Сидели и молчали. Держались за руки. Потом Рой вздохнул и потянул к себе Лори.
— Моя девочка…
Лори отстранилась.
— Я вся в кровище и в поту. Хочется помыться. Кто бы нас домой отвез…
— Ты поедешь к нам.
— Еще чего! Исабель надо отдохнуть.
— Мама либо спит, либо ждет нас. Поехали.
— Ты в таком виде домой собираешься?
Рой засмеялся в темноте.
— Знаешь, вот в этом преимущество работы в родном городе. Можно просто сесть в машину в чем был и отправиться домой. Лори, пожалуйста, поехали?
— Хорошо. Только потому, что я не хочу домой. У меня нет сил, а мама наверняка ждет разъяснений.
Они с трудом поднялись и медленно пошли к машине Роя, так и стоявшей на парковке.
Уже по дороге домой, когда они проезжали мимо дома мэра, Лори вдруг охнула и прижала руки ко рту.
— Рой, ведь мы даже не думали… Что она наделала! И зачем?..
Лицо Роя окаменело. Голос прозвучал жестко и горько:
— Эбигейл сама сломала свою жизнь. И чуть было не сломала жизнь другим. Она мертва, и я не хочу ничего о ней говорить.
— Рой, вы с ней…
— Мы с ней никогда не были — «мы». Чтобы ты не думала больше об этом — она была моей первой женщиной. Мне казалось, что я ее люблю. Я ошибался. Никогда я не был ей нужен, она просто обманула меня, но и сама при этом сильно страдала.
— Вы…
— Она сделала аборт. Сказала, что это мой ребенок. Два года спустя я узнал, что она меня обманула. Просто использовала.
— Господи…
— Вот именно. Она совершила ошибку, за которую в итоге расплачивалась всю жизнь. Несла страшный крест — и эта ноша оказалась ей не по силам.
— Но ведь ты из-за нее не хотел оставаться?
— Из-за нее тоже. Это трудно объяснить. Эбигейл что-то убила во мне. Доверие? Нежность? Желание любить? Я не жил все эти годы, Лори. Просто закрыл какую-то часть себя неприступной стеной, не позволял чувствам взять верх над разумом. Сейчас все изменилось. Ты это сделала.
— Рой… Я понимаю, сейчас не время, но… ты… не останешься?
— Давай поговорим об этом позже? Пожалуйста, девочка. У меня нет сил — ВООБЩЕ. Я даже спать не хочу.
— Хорошо. Прости.
— Ты меня прости. Ты намучилась не меньше моего, но капризничаю опять я. Сейчас будем отдыхать.
В доме Роджерсов горел свет — почти во всех окнах. Только в спальне Исабель на втором этаже было темно и шторы задернуты…

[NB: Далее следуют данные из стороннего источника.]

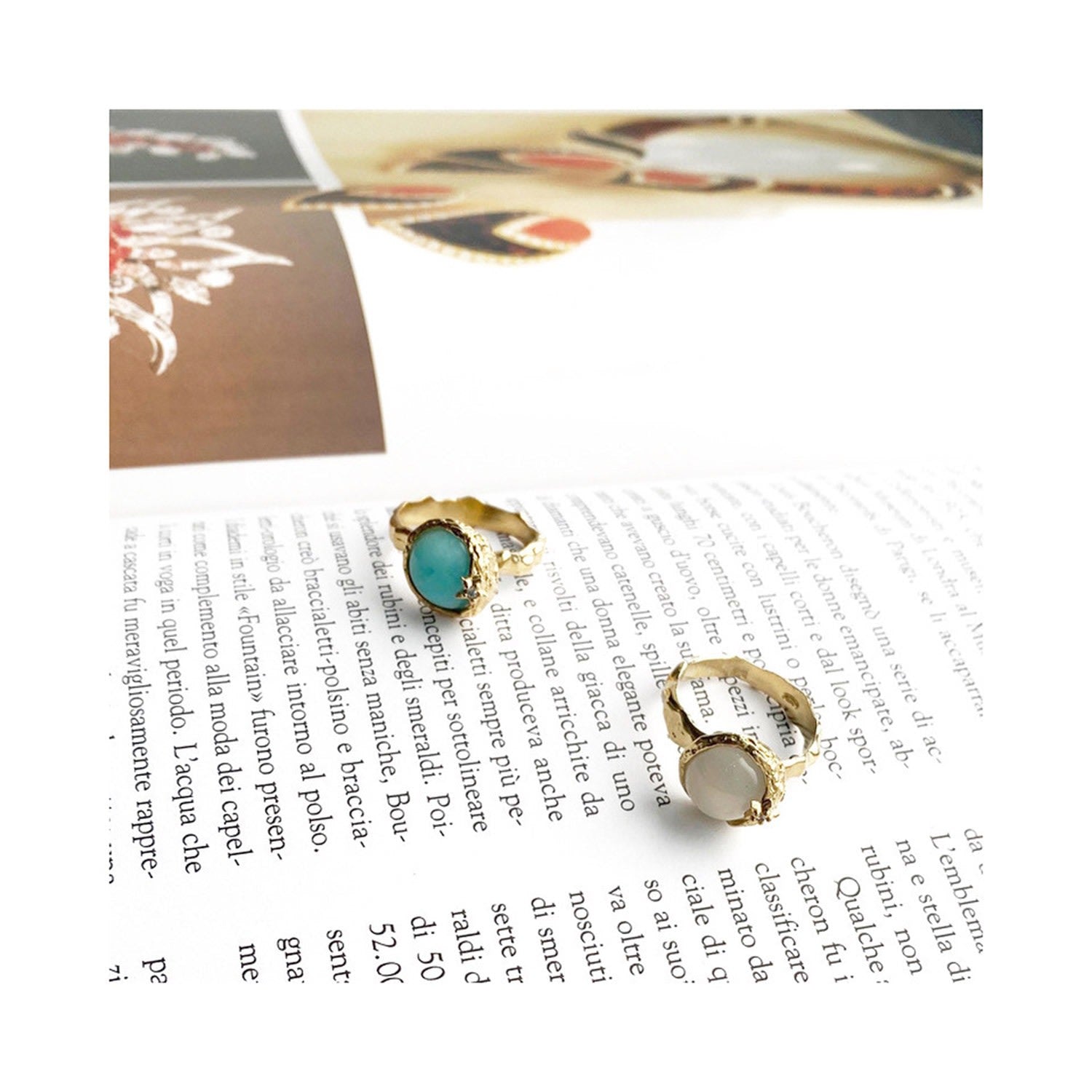This Ad Astra Gold-Plated Moonstone Ring by Vintouch Italy is a delicate and meaningful accessory. Handmade in Italy from 18-karat gold-plated silver, it features a moonstone with neutral shades that make it a perfect match for any outfit. The ring is further enriched with a crystal-encrusted, star-shaped motif, adding a celestial sparkle. This piece is a beautiful blend of unique materials and handcrafted techniques, designed to be both stylish and meaningful.

Кейн и Гай сидели в кухне и пили самогон — сосредоточенно, страшно, самозабвенно. Два здоровенных мужика снимали стресс — а он не снимался, и огромная бутыль была уже наполовину пуста, но оба лучших загонщика Техаса оставались трезвыми как стеклышко.
Миксер и Блендер кинулись к Рою в ноги и закружились, издавая жалобные попискивания и скулеж. Рой наклонился и погладил зверей обеими руками.

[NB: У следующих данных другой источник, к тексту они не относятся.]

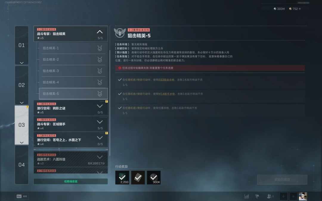 在任意机密/绝密行动中,使用【M14射手步枪】,击败1名敌方特战干员

— Все в порядке, звероферма. Ваш хозяин вернется к вам. Не скажу, что скоро, но вернется.
Лори смущенно протиснулась мимо Гая и села у плиты. Звенящая усталость разливалась по всему телу, ноги были ватными.
Дядя Кейн молча сунул ей стакан с прозрачной желтоватой жидкостью. Самогон Роджерса был единственным напитком в округе, способным составить конкуренцию ликерцу Меган Флоу — горел он ясным синим пламенем, вкусом напоминал перезревшее яблоко, а с ног валил после второй дозы…
Дядя Кейн опрокинул в себя очередную порцию, выдохнул и вдруг глухо сказал, глядя в стол:
— Когда она Джои рожала, ей сказали, что исход неясен. Она же в Далласе рожала, Иса. Так уж получилось. Доктора бегали вокруг нее со шприцами и все норовили обезболивающее вколоть. Говорили, мол, в сорок один год рожать смертельно опасно… А когда Джои родился, сказали, что он слабенький, может не выжить. А он просто маленький был очень, а так — орел! Головку начал держать рано, заговорил в одиннадцать месяцев… Когда уж побольше стал — не плакал никогда. Упадет, бывало, разобьет нос или коленки — и бежит к матери, утешать ее. Не плачь, ма, говорит, мне не больно. А Иса — она ж, вы знаете, какая. Она табун разворачивала движением бровей, а над Джои дрожала. Он разобьется — а у нее с сердцем плохо…
Рой кашлянул в углу:
— Пап, не надо…
— Да я ничего, сынок, я так… Последыш он, понимаете? Когда своих заведете, узнаете. Вы уже здоровые мужики были, по девкам шастали — а он младенчик. Нам с Исой подарок… от богов. И все, что мы с вами не умели или не успели, все ему досталось. Кто-то говорит — Джои бешеный или там язва, но я-то знаю: он добрый, как котенок. И такой же игрун, баловник… Но зла в нем нету.
Кейн Роджерс вдруг зарыдал — сухо, без слез, страшно и отчаянно. Гай скрипнул зубами, стиснул — в огромном кулаке разлетелся на мелкие осколки стакан. Рой молча и стремительно сунул брату полотенце — зажать окровавленную руку, а сам сел рядом с отцом и обнял его за широкие плечи.
— Па… Все будет хорошо, обещаю. Он выжил — и будет жить долго и счастливо. Я никуда не уеду, пока он не поправится. Джои молодой, сильный… он твой сын, па. Он справится. Самое страшное уже позади. Спасибо Лори…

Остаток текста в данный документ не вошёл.